Merge branch 'master' into anti-scraping-revamp

mstephen19 · mstephen19 · commit 97ee4407e2d3 · 2022-06-08T14:23:21.000+02:00
diff --git a/content/academy/api_scraping.md b/content/academy/api_scraping.md
@@ -43,7 +43,7 @@ Especially for [dynamic sites](https://blog.apify.com/what-is-a-dynamic-page/),
 
 ### 4. Easy on the target website
 
-Depending on the website, sending large amounts of requests to their pages could result in a slight performance decrase on their end. By using their API instead, not only does your scraper run better, but it is less demanding of the target website.
+Depending on the website, sending large amounts of requests to their pages could result in a slight performance decrease on their end. By using their API instead, not only does your scraper run better, but it is less demanding of the target website.
 
 ## [](#disadvantages) Disdvantages of API Scraping
 
@@ -65,7 +65,7 @@ APIs come in all different shapes and sizes. That means every API will vary in n
 
 JSON responses are the most ideal, as they are easily manipulatable in JavaScript code. In general, no serious parsing is necessary, and the data can be easily filtered and formatted to fit a scraper's output schema.
 
-APIs which ouput HTML are generally returning the raw HTML of a small component of the page which is already hydrated with data. In these cases, it is still worth using the API, as it is still more efficient than making a request to the entire page; even though the data does still need to be parsed from the HTML response.
+APIs which output HTML are generally returning the raw HTML of a small component of the page which is already hydrated with data. In these cases, it is still worth using the API, as it is still more efficient than making a request to the entire page; even though the data does still need to be parsed from the HTML response.
 
 ### 2. Encoded data
 
diff --git a/content/academy/api_scraping/general_api_scraping/cookies_headers_tokens.md b/content/academy/api_scraping/general_api_scraping/cookies_headers_tokens.md
@@ -10,7 +10,7 @@ paths:
 
 Unfortunately, most APIs will require a valid cookie to be included in the `cookie` field within a request's headers in order to be authorized.

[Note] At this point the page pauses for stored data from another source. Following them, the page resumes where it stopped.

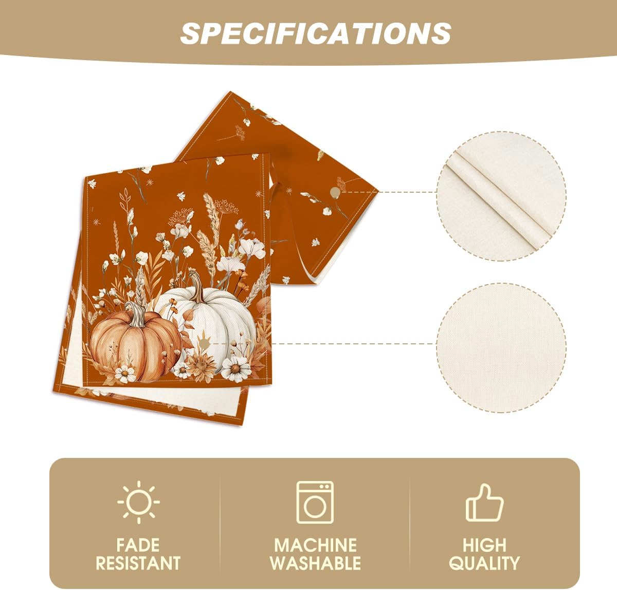 Artoid Mode Orange Pumpkins Leaves Flowers 210 GSM Fall Table Runner, Seasonal Autumn Kitchen Dining Table Decoration for Home Party Decor 13x108 Inch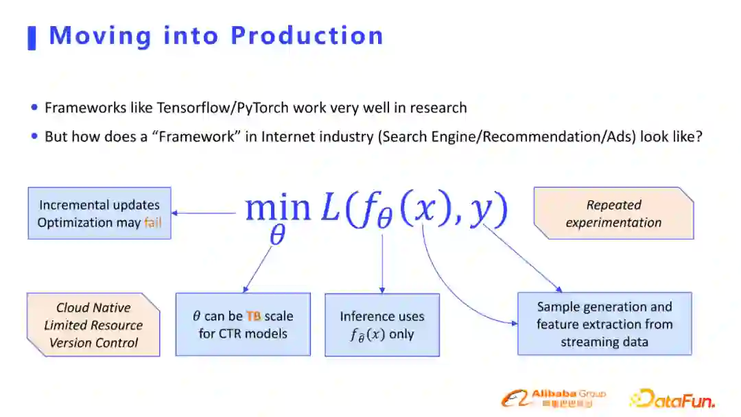 但是到了工业界,实际的机器学习问题远不止这么简单,我们要重新思考一下框架的职责。框架是只需要专注于做损失函数优化就可以呢?还是会有很多其它事情也要去负责呢?比如图中所示的x、y样本数据本身的生成就是一个很大的问题:比如样例生成或者特征萃取。而且在互联网应用中,我们往往需要从流式的数据流中实时地完成x、y的生成。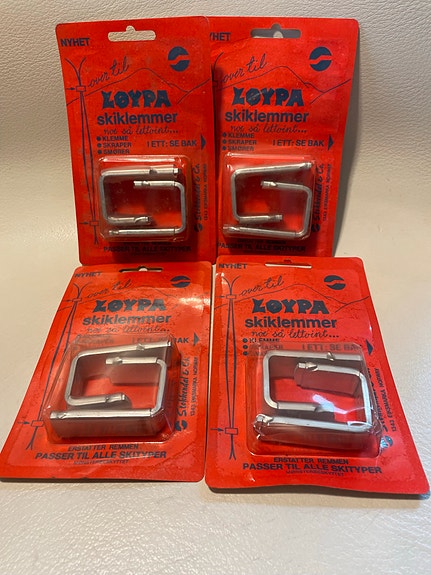 «Løypa skiklemmer» - 4 stk uåpnet eldre skiutstyr/ Stokkendal/skihistori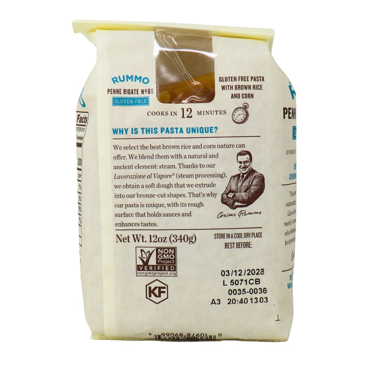Say hello to pasta night made simple (and gluten-free)! Rummo Gluten-Free Penne Rigate No. 66 offers the perfect bite and authentic Italian taste, without the wheat. Crafted from a blend of high-quality gluten-free grains, this pasta cooks up firm and tender, ideal for holding your favourite sauces, from creamy Alfredo to classic marinara.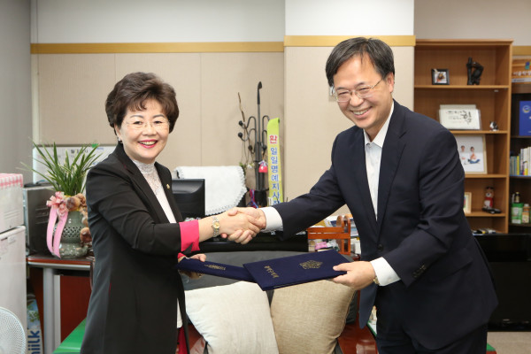 | ▲ 관악구의회 왕정순 의장(사진 왼쪽)이 상호협력 업무협약 체결 후 서울대 행정대학원 관계자와 악수를 나누고 있다. (사진제공=관악구의회) | ||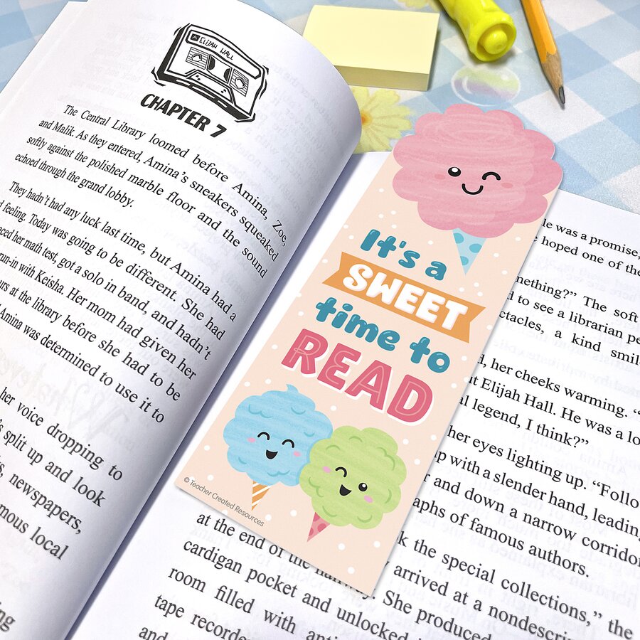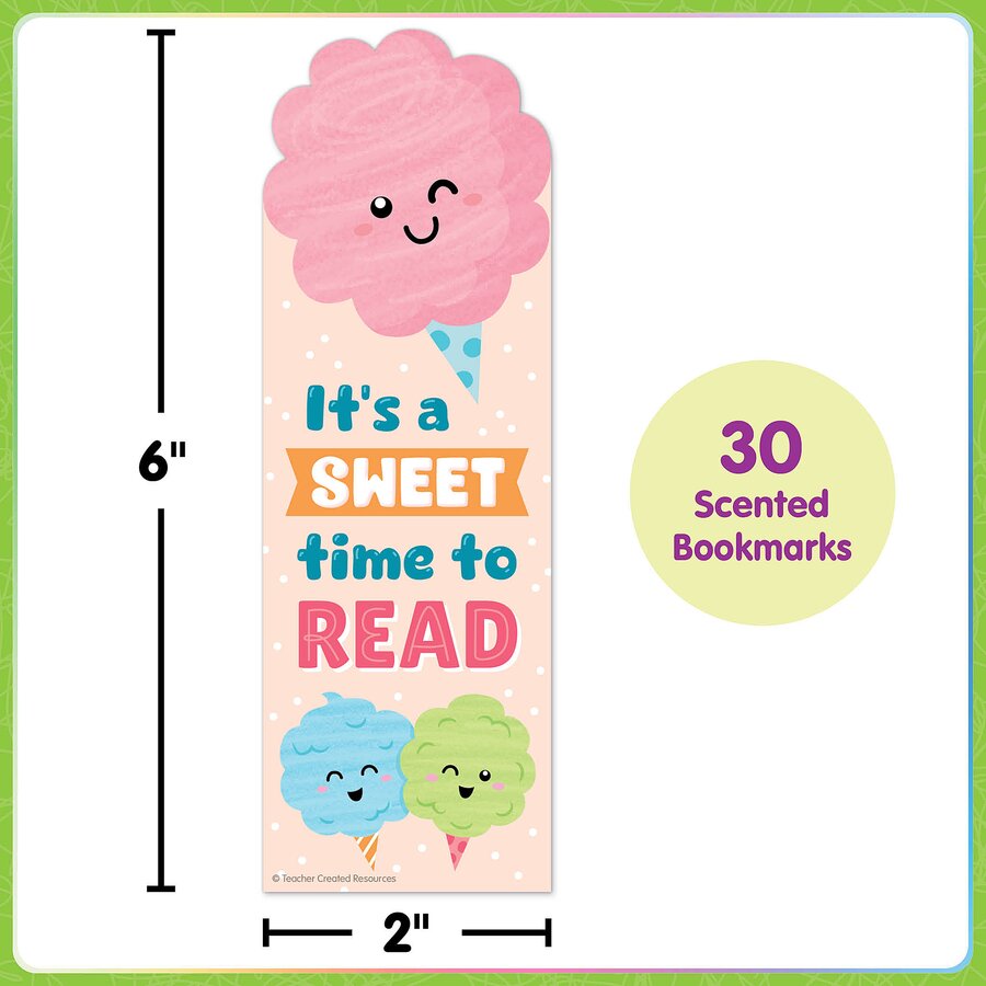 Put the fun into fundamentals with these reading bookmarks. Featuring adorable art, sweet words, and a cotton candy scent, these bookmarks are great for treasure box prizes, tucking into books at the library or book fair, or as class gifts. Every pack includes 30 pieces. Each bookmark measures 2" x 6".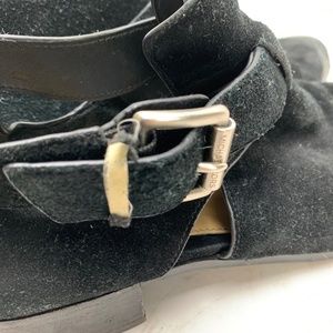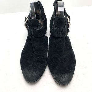 MICHAEL KORS Genuine Leather Black Suede Ankle Booties Shoes Block Heels sz 9.5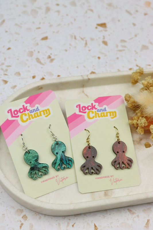 Brown and Blue Marbled Octopus Acrylic Earrings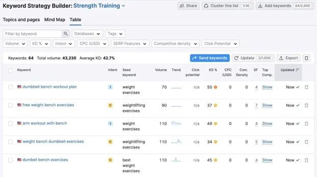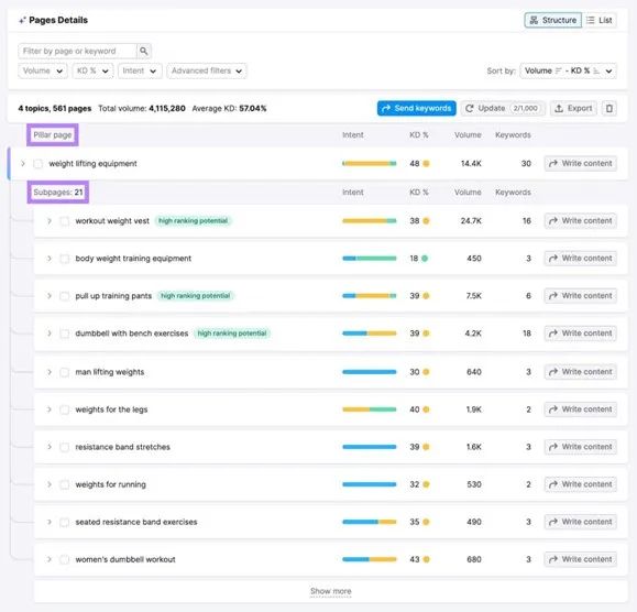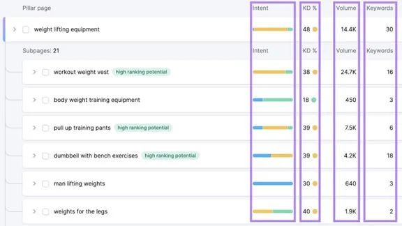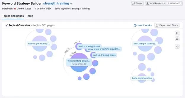 我们可以为网站创建多个支柱页面,而每个支柱页面都会有多个子主题。推荐使用Semrush的Keyword Strategy Builder来组织所有内容。

Other APIs may require special tokens, or other data that validates the request.
 
-Luckily, there are ways to retrive and set cookies for requests prior to sending them, which will be covered more in-depth within future Scraping Academy modules. The most important things to know at the moment are:
+Luckily, there are ways to retrieve and set cookies for requests prior to sending them, which will be covered more in-depth within future Scraping Academy modules. The most important things to know at the moment are:
 
 ## [](#cookies) Cookies
 
@@ -88,7 +88,7 @@ const response = await gotScraping({
 
 For our SoundCloud example, testing the endpoint from the previous section in a tool like [Postman]({{@link tools/postman.md}}) works perfectly, and returns the data we want; however, when the `client_id` parameter is removed, we receive a **401 Unauthorized** error. Luckily, the Client ID is the same for every user, which means that it is not tied to a session or an IP address (this is based on our own observations and tests). The big downfall is that the token being used by SoundCloud changes every few weeks, so it shouldn't be hardcoded. This case is actually quite common, and is not only seen with SoundCloud.
 
-Ideally, this `client_id` should be scraped dynamically, especially since it changes frequently, but unfortunately, the token cannot be found anywhere on SoundCloud's pages. We already know that it's available within the parameters of certain requests though, and luckily, [Puppeteer](https://github.com/puppeteer/puppeteer) offers a simple way to analyze each response when on a page. It's a bit like using browser DevTools, which you are already familiar with by now, but programatically instead.
+Ideally, this `client_id` should be scraped dynamically, especially since it changes frequently, but unfortunately, the token cannot be found anywhere on SoundCloud's pages. We already know that it's available within the parameters of certain requests though, and luckily, [Puppeteer](https://github.com/puppeteer/puppeteer) offers a simple way to analyze each response when on a page. It's a bit like using browser DevTools, which you are already familiar with by now, but programmatically instead.
 
 Here is a way you could dynamically scrape the `client_id` using Puppeteer:
 
diff --git a/content/academy/api_scraping/graphql_scraping.md b/content/academy/api_scraping/graphql_scraping.md
@@ -16,7 +16,7 @@ In this section, we'll be scraping [cheddar.com](https://cheddar.com)'s GraphQL
 
 ![GraphQL endpoint]({{@asset api_scraping/images/graphql-endpoint.webp}})
 
-As a rule of thumb, when the endpoint ends with **/graphql** and it's a **POST** request, it's a 99.99% bulleproof indicator that the target site is using GraphQL. If you want to be 100% certain though, taking a look at the request payload will most definitely give it away.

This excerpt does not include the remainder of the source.